What this option does well on its own terms.

behavior adaptation
potential task specialization
less runtime retrieval complexity

Costs

What you accept up front to get those strengths.

training effort
evaluation burden
knowledge freshness is not automatic

Hidden costs

Costs that surface later than expected — the main thing novices miss.

teams may try to tune behavior to compensate for bad data or weak grounding
evaluation complexity rises quickly

Failure modes when misused

How this option breaks when applied to the wrong context.

Creates specialized behavior without trustworthy truth sources or robust evaluation.

Cost, time, and reversibility

Who pays, how it ages, and what undoing it costs

Trade-offs are rarely zero-sum and rarely static. Someone pays, the payoff curve shifts with the horizon, and the decision has an undo cost.

Cost bearer

Option A · RAG

Who absorbs the cost

Retrieval and data quality owners

Option B · Fine-Tuning

Who absorbs the cost

ML and evaluation teams
Product teams if tuning cycles are slow

Time horizon

Option A · RAG

Wins when source truth keeps changing and grounding matters.

Option B · Fine-Tuning

Wins when task behavior is stable enough to justify training investment.

Reversibility

What undoing costs

Moderate

What should force a re-look

Trigger conditions that mean the answer may have changed.

Knowledge volatility changes
Task shape stabilizes
Evaluation maturity improves

How to decide

The work you still have to do

The reference can frame the trade-off; only you can weight the factors against your context.

Questions to ask

Open these in the room. Answering them is most of the decision.

Is the problem missing knowledge or missing behavior?
How often does the source truth change?
Do we need citations and source trust?
Can we evaluate behavior quality well enough to justify tuning?

Key factors

The variables that actually move the answer.

Knowledge volatility
Grounding requirements
Behavior specialization needs
Evaluation maturity
Source trust

Evidence needed

What to gather before committing. Not after.

Knowledge volatility assessment
Source trust model
Task evaluation framework
Behavior gap analysis

Signals from the ground

What's usually pushing the call, and what should

On the left, pressures to recognize and discount. On the right, signals that genuinely point toward one option or the other.

What's usually pushing the call

Pressures to recognize and discount.

Common bad reasons

Reasoning that feels convincing in the moment but doesn't hold up.

Fine-tuning is more advanced
RAG is enough for everything
One approach should solve both knowledge and behavior problems

Anti-patterns

Shapes of reasoning to recognize and set aside.

Using fine-tuning to hide bad grounding
Using RAG to solve a behavior problem

What should push the call

Concrete signals that genuinely point to one pole.

For · RAG

Observations that genuinely point to Option A.

Trusted corpus exists
Freshness matters
Citability matters

For · Fine-Tuning

Observations that genuinely point to Option B.

Behavior shift matters more than knowledge freshness
Task is stable and measurable

AI impact

How AI bends this decision

Where AI accelerates the call, where it introduces new distortions, and anything else worth knowing.

AI can help with

Where AI genuinely reduces the cost of making the call.

AI can help synthesize eval sets and compare failure patterns across both approaches.

AI can make worse

Distortions AI introduces that didn't exist before.

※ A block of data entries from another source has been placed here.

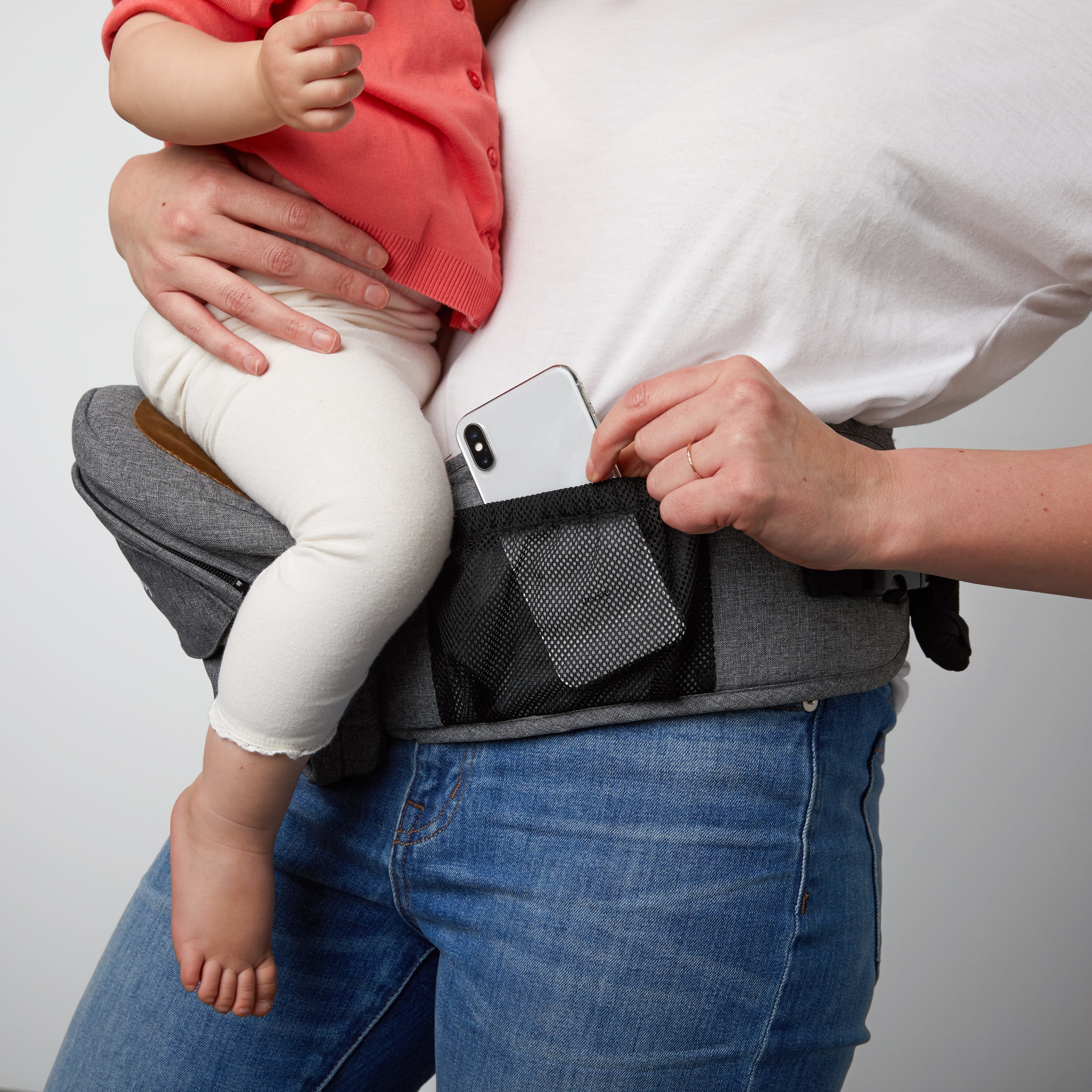 赤ちゃんを抱っこひもから出して、慌ててバッグをおろして、ファスナーを開けてスマホを取り出して.....、という面倒な動作もTushBabyにはありません!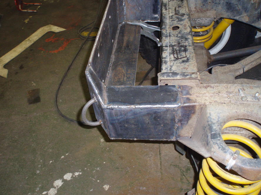 Rungon takapää hitsattu kasaan. Vinssikidan reikä vain puuttuu. Seuraavaksi kaarien ja lavan suunnittelu.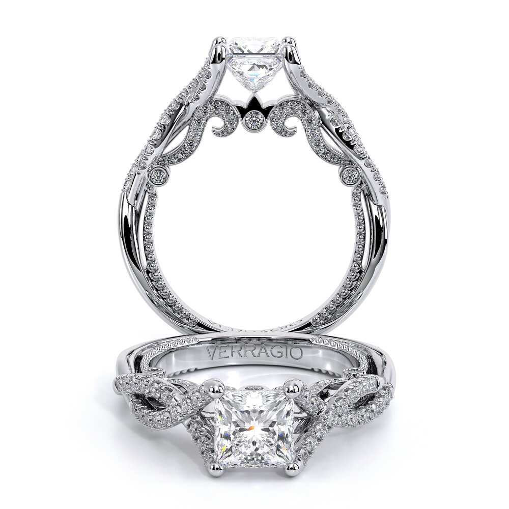 INSIGNIA-7060 Princess engagement ring, featuring round brilliant-cut pave set diamonds on a twisted band. Distinctively paired with Verragio's handcrafted signature beading and crest.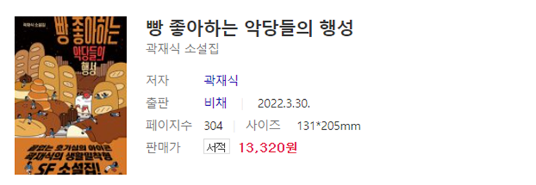 2005년 ‘환상문학웹진 거울’에 소설을 발표한 이래, 일곱 권의 소설집과 장편소설을 발표했으며 논픽션과 과학 저술도 게을리하지 않는 전방위적 작가 곽재식. 그의 작품세계는 여전히 변화무쌍하다. 시간여행과 아포칼립스, 외계인이 등장하는 등 SF적 성격이 다분하지만, 그의 SF는 대단히 친숙하고 일상적이다. 그리고 무엇보다도 재미있다. 달콤한 과자에 손이 가듯 한 장 두 장 읽다 보면 어느새 상상력 가득한 결말에 이르는 여덟 번째 소설집 《빵 좋아하는 악당들의 행성》이 비채에서 출간되었다. 치킨집, 사무실, 관공서처럼 리얼한 장소를 배경으로 곽재식 특유의 과학적 상상, 대체 불가한 유머가 펼쳐지는 생활밀착형 SF 소설집이다. 〈심야괴담회〉 〈유 퀴즈 온 더 블럭〉 등 방송에서도 입담을 과시해온 작가는 자신의 본진인 소설에서 이야기꾼의 면모를 본격적으로 발휘한다.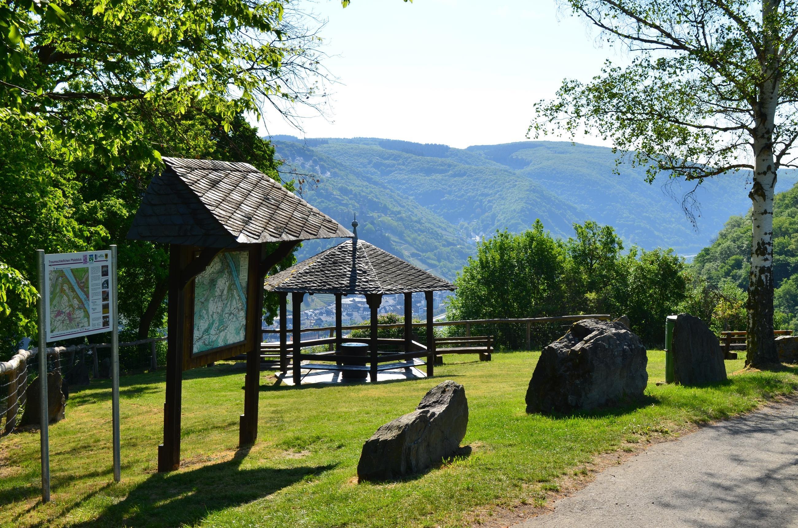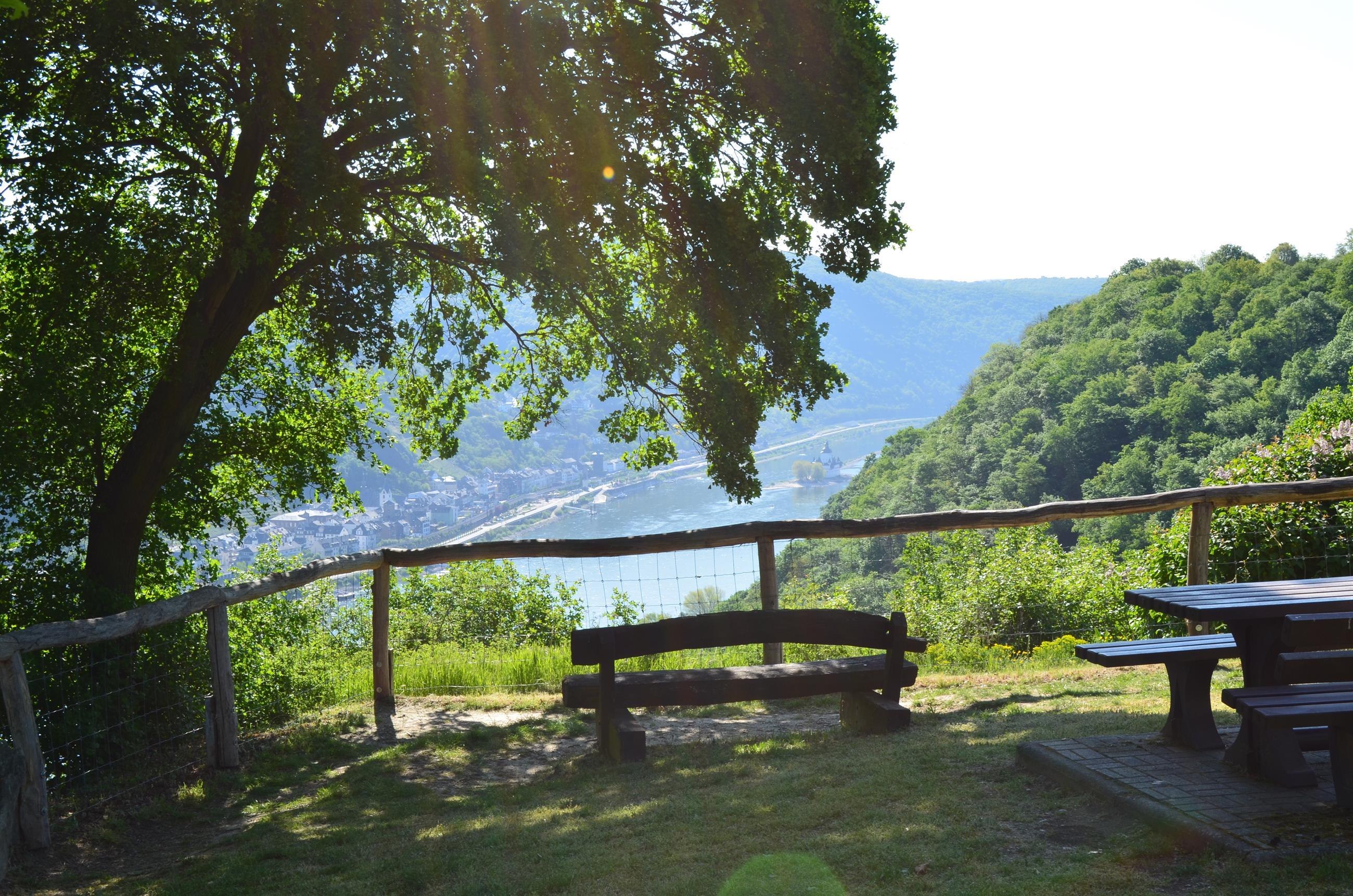 Prachtige rustplaats met enkele zitplaatsen, tafels en overdekt paviljoen. Prachtig uitzicht op de Rijn, kasteel Gutenfels met Kaub en kasteel Pfalzgrafenstein in de Rijn. Grote parkeerplaats vanaf de K 89 op ongeveer 50 m afstand. Direct gelegen aan de RheinBurgenWeg. Ook een startmogelijkheid van de droomlus "Pfalzblick".
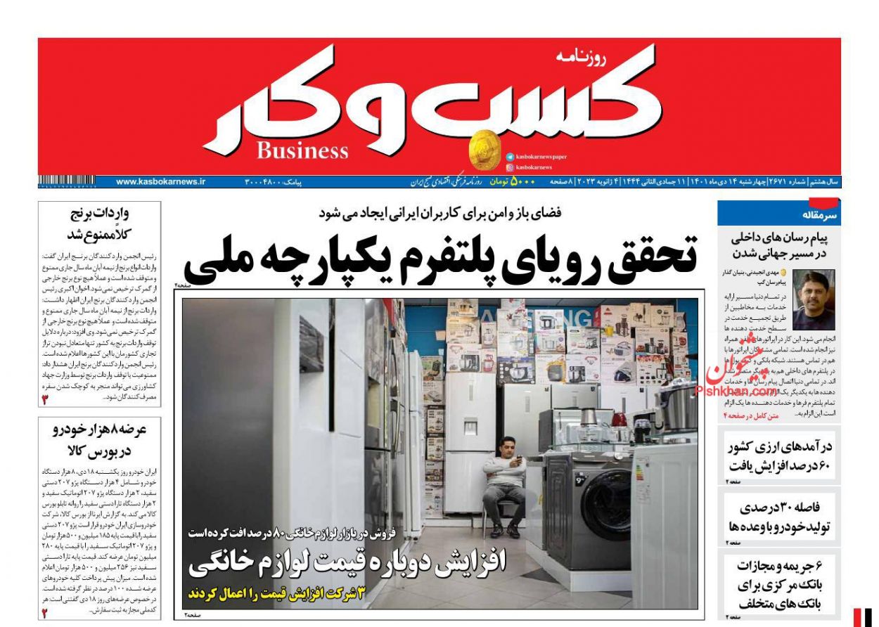 بازار کسب و کار ، چهارشنبه ۱۴ دی

This is an AI-native decision; hype around both options distorts judgment fast.

Relationships

Connected decisions

Nearby decisions this is sometimes confused with, adjacent decisions that are often entangled with this one, related failure modes, red flags, and playbooks to reach for.

Easy to confuse with

Nearby decisions and how this one differs.

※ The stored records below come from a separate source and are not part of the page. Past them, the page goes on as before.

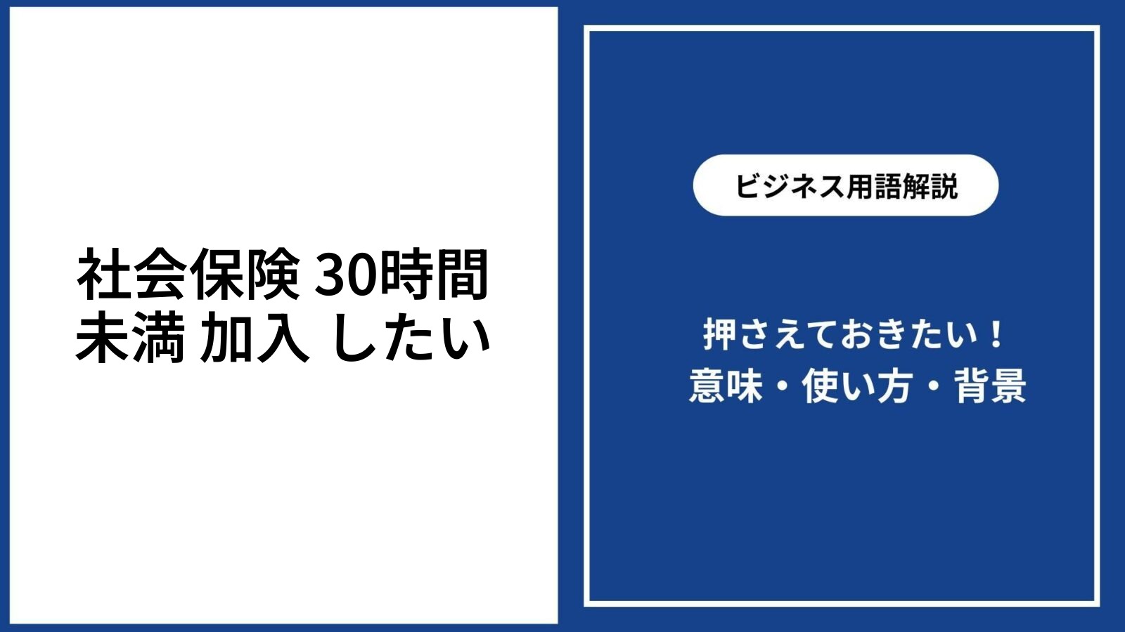「社会保険」というキーワードは、パートやアルバイトなどで週30時間未満の勤務をしている方が、社会保険に加入したい場合に気になるポイントです。 本記事では、社会保...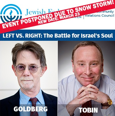 Is Israel locked in a tragic dispute between two peoples claiming the same land — or a global conflict between Western democracy and Islamist terrorism? Is partition into two states the only way to ensure Israel’s survival — or is it the surest path to ever-increasing bloodshed and possibly even endangering Israel’s survival? Jonathan S. Tobin, senior online editor and chief political blogger of Commentary Magazine, and J. J. Goldberg, editor-at-large of the Forward newspaper and former U.S. bureau chief of the Israeli news magazine The Jerusalem Report, will debate these and other critical issues concerning the State of Israel.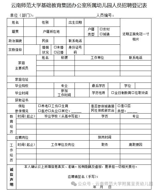 應(yīng)聘者按照招聘條件和要求,持自己的求職材料:《云南師范大學基教集團辦公室所屬幼兒園人員招聘登記表》及自薦書、簡歷、身份證等原件、復印件和有關(guān)證明材料,掃描件發(fā)送至郵箱326918729@qq.com進行報名。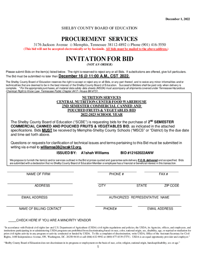 December 1, 2022SHELBY COUNTY BOARD OF EDUCATIONPROCUREMENT SERVICES3176 Jackson Avenue Memphis, Tennessee 381124892 Phone (901) 4165550 (This bid will not be accepted electronically or by facsimile.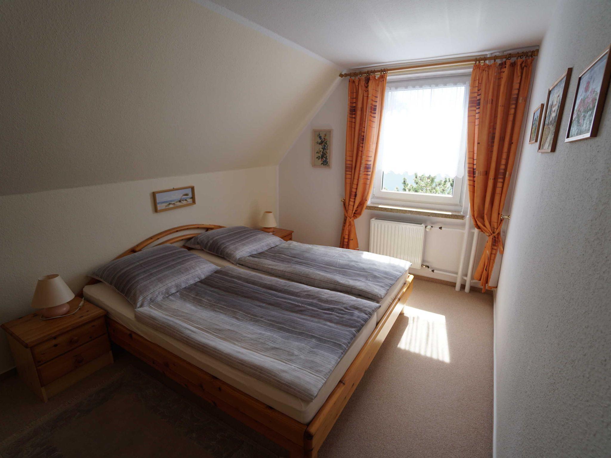 Die Ferienwohnung verfügt über 2 Schlafzimmer. Im größeren von beiden steht ein komfortables Doppelbett und ist mit Teppich ausgelegt.

TD-32 Model API vs Self-Hosted Model

That decision is about where the model runs. This one is about how to shape the knowledge the model brings to the task.
TD-38 Synthetic Evaluation vs Real-World Evaluation

That decision is about how to verify the answer. This one is the architectural choice whose quality that evaluation is trying to measure.
Adjacent concept A prompt-engineering decision

Prompt engineering is how you ask a model for an answer. RAG vs fine-tuning is how the relevant knowledge gets to the model in the first place.